Gensim will use this dictionary to create a bag-of-words corpus where the words in the documents are replaced with its respective id provided by this dictionary.

In [None]:
mycorpus = [dictionary.doc2bow(doc, allow_update=True) for doc in comments_tokens]

In [None]:
pprint(mycorpus[:4])

[[(0, 1), (1, 1), (2, 1), (3, 1)],
 [(4, 1), (5, 1), (6, 1), (7, 1)],
 [(1, 1), (8, 1), (9, 1), (10, 1), (11, 1), (12, 1), (13, 1), (14, 1)],
 [(9, 1),
  (15, 1),
  (16, 1),
  (17, 1),
  (18, 1),
  (19, 1),
  (20, 1),
  (21, 1),
  (22, 2),
  (23, 1),
  (24, 1),
  (25, 1),
  (26, 1),
  (27, 1)]]


The above id and word count is not too intuitive to understand the word count.

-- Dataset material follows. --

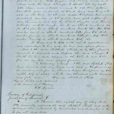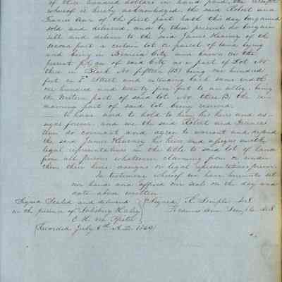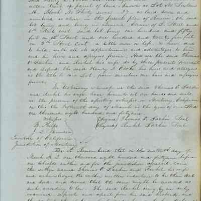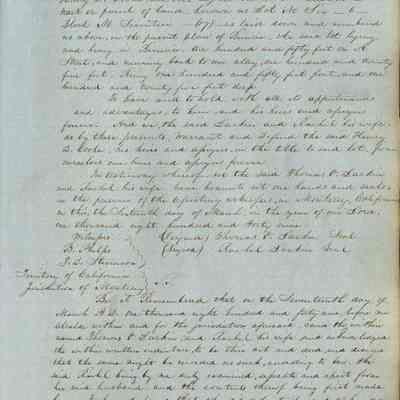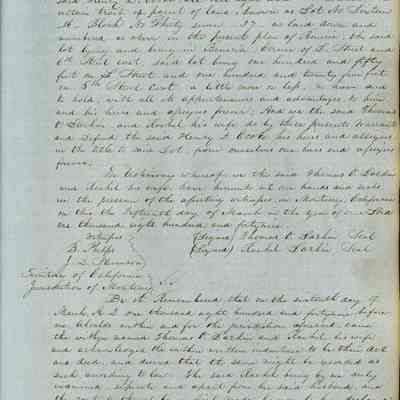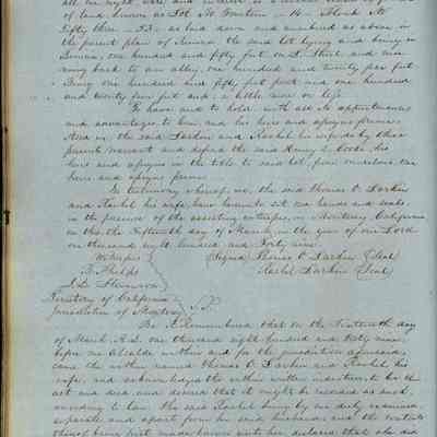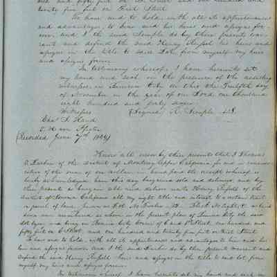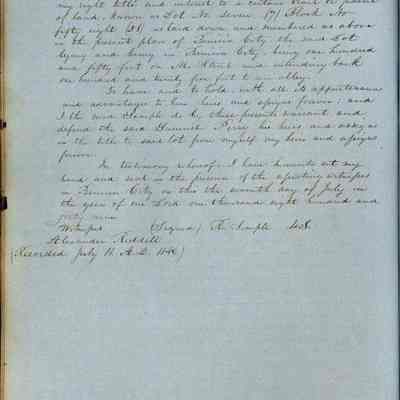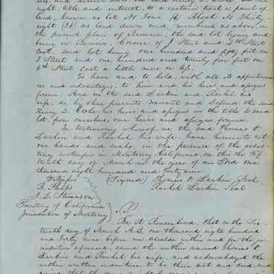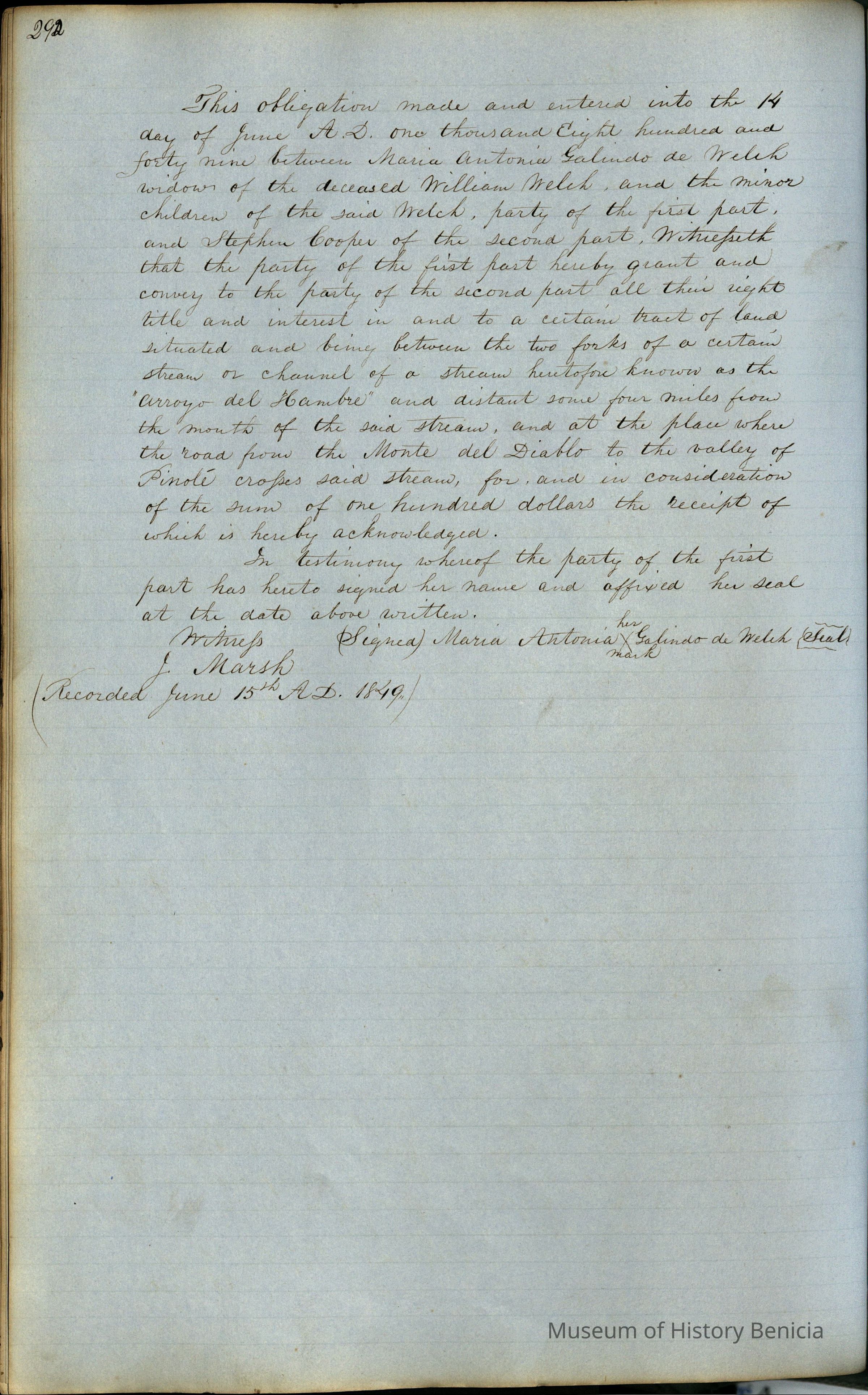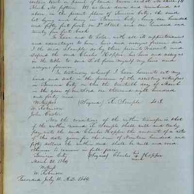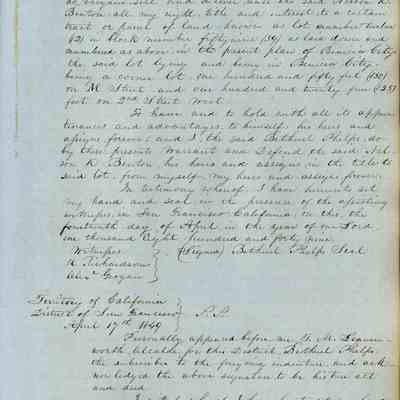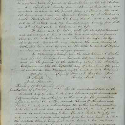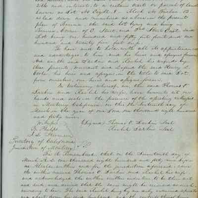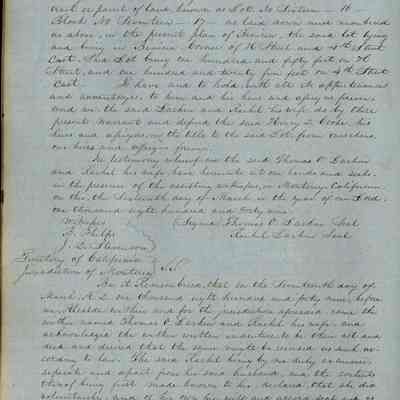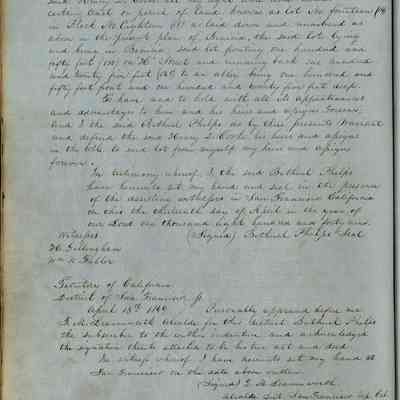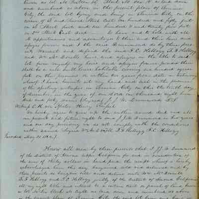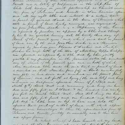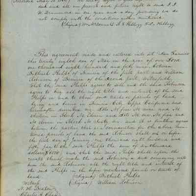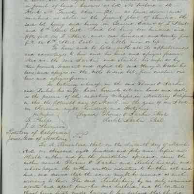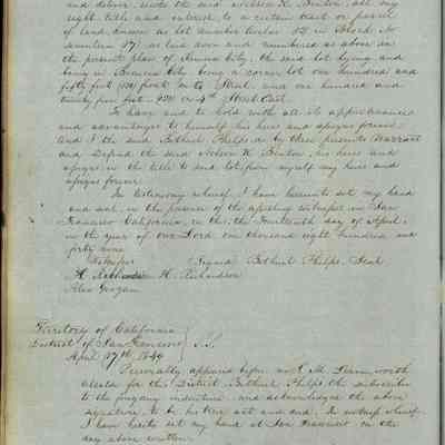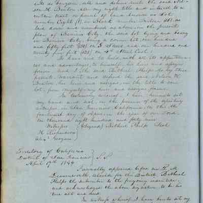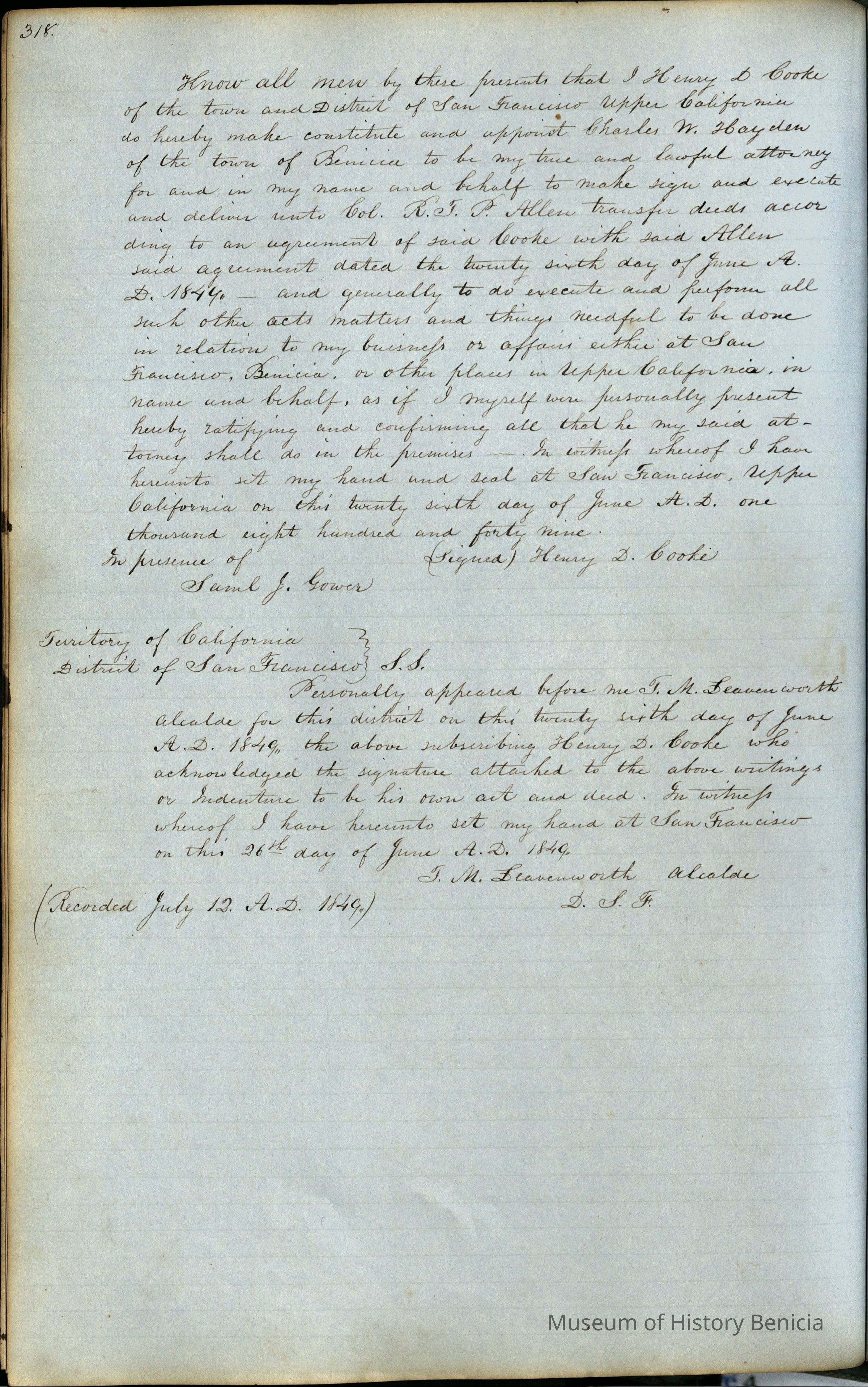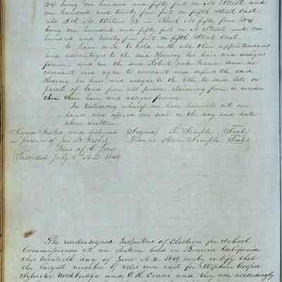 This journal/ledger contains the beginnings of Benicia including: lists and descriptions of first 12 houses in Benicia, a translation of the deed to General Vallejo by Manual Micheltorena, Governor of Calif. (1844); deed to Semple and Larkin by Vallejo (1847); deeds of properties sold by Semple and Larkin from 1847 - 1849

We can replace the ids with actual words to get a better understanding.

In [None]:
word_counts = [[(dictionary[id], count) for id, count in line] for line in mycorpus]

In [None]:
pprint(word_counts[:5])

[[('bunch', 1), ('guy', 1), ('haha', 1), ('loser', 1)],
 [('comment', 1), ('sh', 1), ('tti', 1), ('ur', 1)],
 [('guy', 1),
  ('arm', 1),
  ('call', 1),
  ('make', 1),
  ('protest', 1),
  ('ridicul', 1),
  ('terrorist', 1),
  ('violenc', 1)],
 [('call', 1),
  ('act', 1),
  ('bash', 1),
  ('christian', 1),
  ('entir', 1),
  ('get', 1),
  ('idiot', 1),
  ('muslim', 1),
  ('okay', 2),
  ('pillori', 1),
  ('religion', 1),
  ('sect', 1),
  ('smear', 1),
  ('yet', 1)],
 [('bitch', 1),
  ('book', 1),
  ('nut', 1),
  ('read', 1),
  ('woman', 1),
  ('would', 1)]]


We can see from above the word count for each word in the comments. 

### LDA Model

Using LDAMulticore to predict the models. The above dictionary and corpus object will now be used by LDA model. The model below predicts 10 topics.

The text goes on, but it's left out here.